U.S. President Biden called Vladimir Putin a “crazy son SOB” at a fund raising event last week, but to put that label on the Russian leader is a strategic mistake.
Putin doesn’t care what we think of him, and the more unpredictable he appears, and maybe even a bit crazy, serves his purposes in Ukraine. But he threatens us with clear headed and not so crazy threats.
Putin fears western escalation of arms, and of course direct NATO involvement in Ukraine, so the only threat he has is a nuclear one to intimidate and cause worry.
Today he played the nuclear card once again, as he gears up for his election for President in March, a staged affair where Russians pretend they had a choice, and the Kremlin pretends it gave them one.
But we all know the Russian elections are staged managed, stale affairs, where Putin is vaunted as trustworthy leader in Kremlin controlled media, and then electronically will get 75 to 85% of the vote to keep driving his country in reverse. (The joke is Putin often gets 110% of votes in some regions where extra ballots are stuffed in boxes for insurance)
In his annual state-of-the-nation address today, Putin made an apparent reference to French President Macrons statement earlier this week that the future deployment of Western ground troops to Ukraine can’t be “ruled out”.
Putin warned that it would lead to “tragic” consequences for the countries who decide to do that.
And he then talked up his nuclear forces and warned NATO leaders what they might face if they waded into a ground war in Ukraine.
Putin emphasized that Russia’s nuclear forces are in “full readiness,” saying that the military has deployed potent new weapons including the new Sarmat heavy intercontinental ballistic missile that has entered service with Russian nuclear forces, along with the Burevestnik atomic-powered cruise missile and the Poseidon atomic-powered, nuclear-armed drone.
Are we heading for a nuclear showdown with Russia?
Not as far as anyone can see including Russian military leaders, who have nuclear doctrine calling for nukes only if Russia faced an existential threat.
The fact is, it is Ukraine that faces existential threats from invading Russian forces, and Putin’s aim to restore some kind of empire rooted in wobbly fictional accounts of history.
Putin’s nuclear threats are well thought out from a leader playing military chess with Europe and America, all designed to shake commitments for a free Ukraine.
Putin wants us all to ask “is supporting Ukraine” really worth the risk?

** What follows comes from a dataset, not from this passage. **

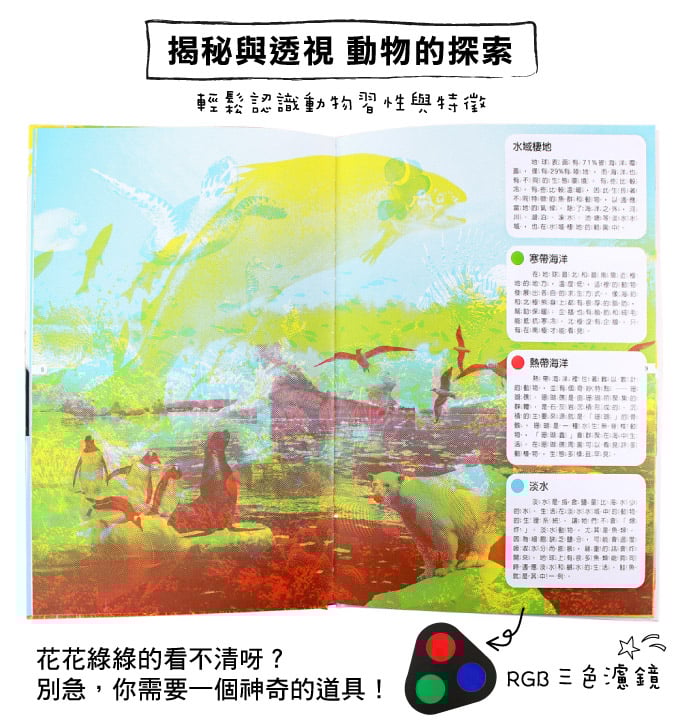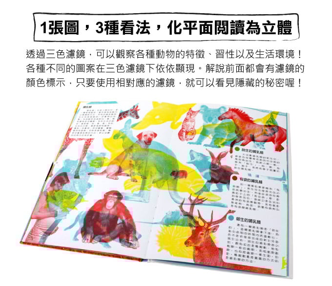 🔸預購特價現貨1月下旬到貨🔸揭秘與透視 動物的探索-三色濾鏡書

The West has only to ignore them, and get serious in providing arms to Ukraine to repel Russian invaders who have suffered horrible casualty numbers in 2 years of war, and proven the Russian army can’t fight well enough to hold more than 18% of eastern Ukraine.
The Russian army is a blunt floundering instrument of a Kremlin in dire need of a new leader, and a country thirsting for change that will take Russia back towards normalcy and bring peace to Europe, replacing Putin’s decades of pointless chaos.